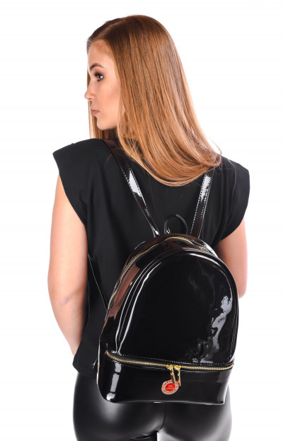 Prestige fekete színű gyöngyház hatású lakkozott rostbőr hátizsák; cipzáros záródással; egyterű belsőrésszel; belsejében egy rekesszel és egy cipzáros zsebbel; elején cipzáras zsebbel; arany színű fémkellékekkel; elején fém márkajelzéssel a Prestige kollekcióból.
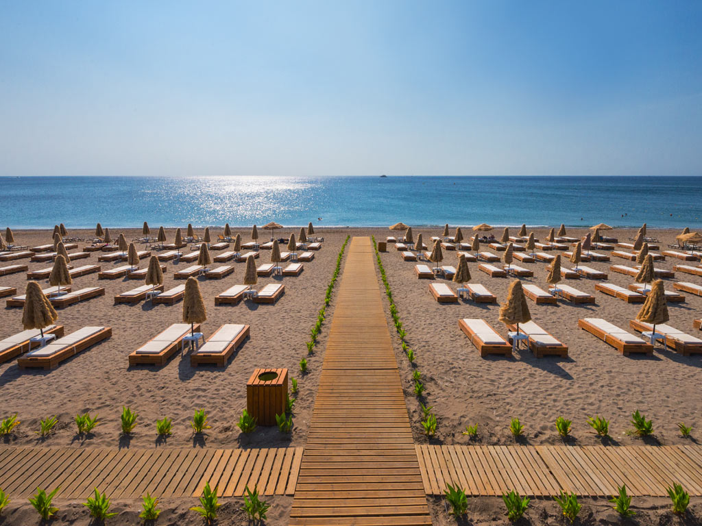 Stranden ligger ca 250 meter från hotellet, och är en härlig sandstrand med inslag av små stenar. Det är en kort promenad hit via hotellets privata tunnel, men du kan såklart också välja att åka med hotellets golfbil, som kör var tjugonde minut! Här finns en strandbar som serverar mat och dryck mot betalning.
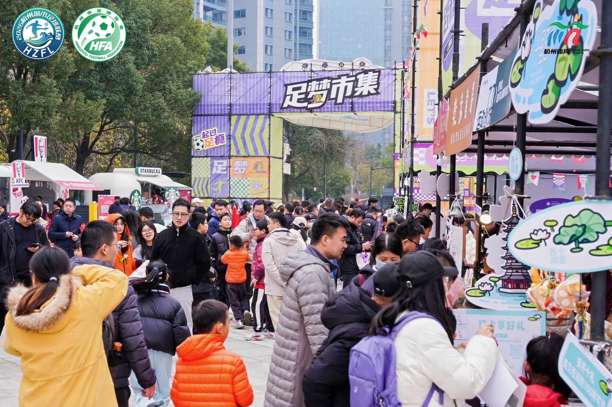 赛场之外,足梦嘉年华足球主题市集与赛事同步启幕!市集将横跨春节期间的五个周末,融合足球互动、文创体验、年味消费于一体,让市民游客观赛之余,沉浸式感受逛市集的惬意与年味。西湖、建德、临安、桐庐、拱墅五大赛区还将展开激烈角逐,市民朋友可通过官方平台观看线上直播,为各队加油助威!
------------------------------------------------------------
* _Work instruction_: An exact copy of all the lines above is required, with the pictures removed.

* _Response to this task_:
 Prestige fekete színű gyöngyház hatású lakkozott rostbőr hátizsák; cipzáros záródással; egyterű belsőrésszel; belsejében egy rekesszel és egy cipzáros zsebbel; elején cipzáras zsebbel; arany színű fémkellékekkel; elején fém márkajelzéssel a Prestige kollekcióból.
 Stranden ligger ca 250 meter från hotellet, och är en härlig sandstrand med inslag av små stenar. Det är en kort promenad hit via hotellets privata tunnel, men du kan såklart också välja att åka med hotellets golfbil, som kör var tjugonde minut! Här finns en strandbar som serverar mat och dryck mot betalning.
 赛场之外,足梦嘉年华足球主题市集与赛事同步启幕!市集将横跨春节期间的五个周末,融合足球互动、文创体验、年味消费于一体,让市民游客观赛之余,沉浸式感受逛市集的惬意与年味。西湖、建德、临安、桐庐、拱墅五大赛区还将展开激烈角逐,市民朋友可通过官方平台观看线上直播,为各队加油助威!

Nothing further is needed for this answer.